If no timestamp can be extracted:
- Report this limitation explicitly.
- Continue analysis on all rows.
- Mark the discussion as "time-window fallback".
### 4) Classify bugs/crashes/anomalies
Infer key columns using column-name heuristics:
- status/result/outcome
- benchmark/instance/file/name
- set/suite/group/track/family
- message/error/details/reason
Normalize status strings to lowercase.
#### Bugs / Crashes
Classify a row as **crash/bug** if status/details contain terms like:
- `crash`, `segfault`, `assert`, `abort`, `exception`, `error`, `failed`, `bug`
#### Anomalies
At minimum, detect:
1. **Unknown-outlier anomaly** (required):
- Within the same benchmark set/suite/group, if most rows are in `{sat, unsat, timeout}` but a minority are `unknown`, flag the `unknown` rows as anomalies.
- Rationale: require enough samples for confidence and avoid flagging sets where `unknown` is common behavior. `0.4` caps unknown results to a minority, while `0.6` enforces a decisive majority of sat/unsat/timeout outcomes.
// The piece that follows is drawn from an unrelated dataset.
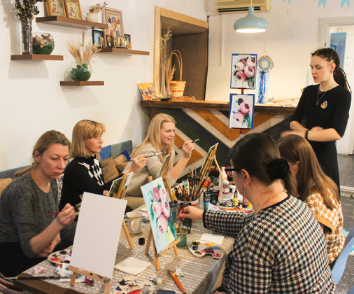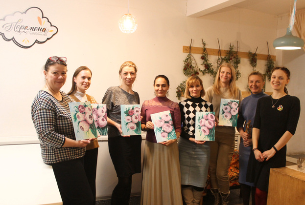 Практические занятия по арт-терапии в уютном кафе провели также специалист по комплексной реабилитации Мария Стеблева и представители НКО «Здоровое поколение». Под руководством художника Жанны Виноградовой мамы рисовали нежные пионы - символ наступающей весны.
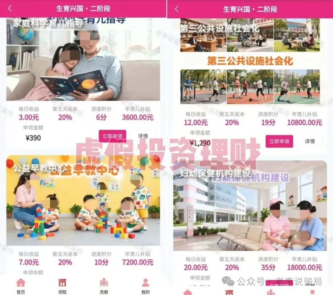 冒充卫健委推广虚假“生育卡”,要求缴纳2000元办理,并以赠送黄金为诱饵推销理财项目。

Any remainder after those constraints is intentionally allowed for other statuses.
- Use this threshold: `total_rows >= 4`, `unknown_count / total_rows <= 0.4`, and `(sat_count + unsat_count + timeout_count) / total_rows >= 0.6`.
- If set/suite/group columns are missing, fallback grouping order is: directory prefix of benchmark path/name, then benchmark name prefix before first separator (`/`, `:`, `::`), then a single global group.
2. **Status divergence anomaly**:
- Same benchmark name appears multiple times with conflicting non-timeout statuses (for example `sat` vs `unsat`).
- Ignore timeout-only disagreements here; timeout behavior is covered under the repeated hard-failure anomaly section to reduce noise from transient runtime variance.
3. **Repeated hard-failure anomaly**:
- Same benchmark appears repeatedly with crash/error-like status in the time window.
### 5) Generate discussion report
Create a GitHub Discussion using `create-discussion` safe output.
Use this structure:
```markdown
### Compare Stats Analysis Report
**Source**: [compare_stats.html](http://mtzguido.tplinkdns.com:8081/z3/compare_stats.html)
**Workflow Run**: [#${{ github.run_id }}](https://github.com/${{ github.repository }}/actions/runs/${{ github.run_id }})
**Analysis Time (UTC)**: <timestamp>
**Window**: last 30 hours (or fallback mode)
### Executive Summary
- Rows analyzed: N
- Rows in 30h window: M (or "timestamp unavailable")
- Bugs/crashes: B
- Anomalies: A
### Bugs and Crashes
| Benchmark Set | Benchmark | Status | Details | Timestamp |
|---|---|---|---|---|
| ... |
### Anomalies
#### Unknown-Outlier Cases
| Benchmark Set | Benchmark | Status | Peer Status Distribution | Timestamp |
|---|---|---|---|---|
| ... |
#### Status Divergences
| Benchmark | Observed Statuses | Benchmark Set(s) | Timestamp(s) |
|---|---|---|---|
| ... |
#### Repeated Hard Failures
| Benchmark | Failure Count | Representative Status/Details | Benchmark Set(s) |
|---|---|---|---|
| ... |
### Notes and Limitations
- Mention parsing assumptions
- Mention missing columns/timestamps if any
<details>
<summary><b>Raw Extraction Summary</b></summary>
- Table count
- Candidate columns used
- Top status distribution
- Up to 30 representative raw rows (sanitized)
</details>
```
## Reporting Rules
- Be factual and concise.
- Do not claim certainty when column mapping is heuristic.
- If no bugs/crashes/anomalies are found, still create the discussion and explicitly state "No issues detected in analyzed window."
- Do not open PRs or modify repository files.